State oil giant Saudi Aramco will cut supplies to most buyers in Asia - the world's biggest oil consuming region - by up to 10 percent in September to comply with a producers' deal to cut output, multiple sources with knowledge of the matter told Reuters.
The wider Saudi cuts come as some doubts have emerged about the effectiveness of the OPEC-led agreement. OPEC output hit a 2017 high in July, according to a Reuters OPEC survey, led by a rise in supplies from Nigeria and Libya, which are both exempted from the cuts.
The deal to curb output propelled crude prices above $58 a barrel in January but they have since slipped back to a $45 to $52 range as the effort to drain global inventories has taken longer than expected. Rising output from U.S. shale producers has offset the impact of the output curbs, as has climbing production from Libya and Nigeria.

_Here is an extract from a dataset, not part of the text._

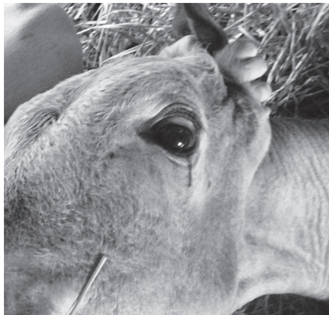
Fig.2. Paralisia do globo ocular quando se rotacionava a cabeça na direção latero-caudal através da verificação da exposição parcial da esclera (Bovino 10).

seguinte foi observada diminuição gradual do tônus muscular, caracterizada pela dificuldade em transpor obstáculos ou no teste de apoio só com os membros torácicos "prova de suspensão dos membros posteriores" ou ainda, durante a contenção dos animais (Fig.1). Neste período era notada progressiva hipotonia nos músculos da cabeça, alguns animais com discreta exposição da ponta da língua entre os lábios e sialorréia. Com o agravamento da hipotonia muscular, os animais se colocavam em decúbito esternal e não conseguiam se levantar, mesmo quando estimulados, mas alguns ainda sustentavam a cabeça e o pescoço. A resposta à avaliação de sensibilidade cutânea

Saudi Arabia's crude allocations to oil majors and some customers in Europe will be cut by 220,000 barrels per day in September, the first source said, while supplies to the United States will be reduced by around 1.1 million barrels in total for next month.
In August, a Saudi industry source told Reuters that Saudi exports to the United States will be below 800,000 bpd in August, as the kingdom is capping its exports worldwide this month at 6.6 million bpd.

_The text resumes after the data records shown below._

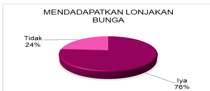
Gambar 7 Mengalami Lonjakan Bunga Pada Tunggakan

memiliki sejumlah uang mereka masih bisa melakukan transaksi ataupun pembelian sesuai apa yang diinginkan. Pada penggunaan pay later ini memudahkan dalam proses pembayaran dan transaksi pembelian. Selain itu responden juga mengemukakan masalah kebutuhan dapat teratasi tetapi akan muncul masalah baru yaitu tunggakan. Merujuk pada hal tersebut beberapa konsumen bahkan pernah mengalami tunggakan pada paylater ini. Tunggakan ini berpengaruh pada besaran bunga yang diberikan oleh pay later. Salah satunya pada shopee paylater memberikan bunga sebesar 2,95%. Dibuktikan pada pemaparan dari e-commerce shopee untuk berbelanja di platform Shopee dengan suku bunga 0% - 2,95%. Pengajuan Shopee pay Later hanya membutuhkan KTP dan foto diri saja (Shopee, 2018). Sehingga pada gambar 7 menyatakan pernah mengalami lonjakan bunga pada tunggakan yang mereka dapatkan, sebagai berikut :
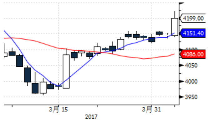
图表 4: 上海黄金交易所 AG(T+D)
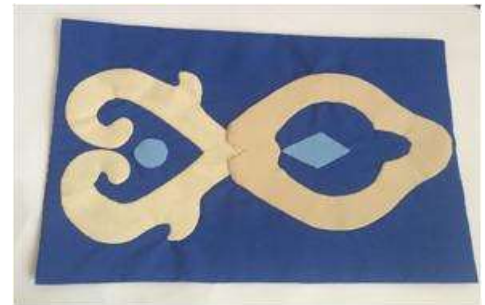
Imagen37 Individuales Cartagena aplicación en tela 4 Noviembre 2016

Under the OPEC-led supply reduction pact Saudi Arabia is required to cut output by 486,000 bpd.
Of the nine Asian refineries surveyed by Reuters, supplies to six have been cut for the first time since the Organization of the Petroleum Exporting Countries, Russia and other producers agreed last year to cut production by about 1.8 million bpd from Jan. 1 until March 2018.
Saudi Arabia and other producers last month recommended examining whether monitoring compliance with the pact should focus on exports as well as production.
High compliance by Gulf producers Saudi Arabia and Kuwait helped keep OPEC's adherence with its supply curbs at historically high figures of more than 90 percent.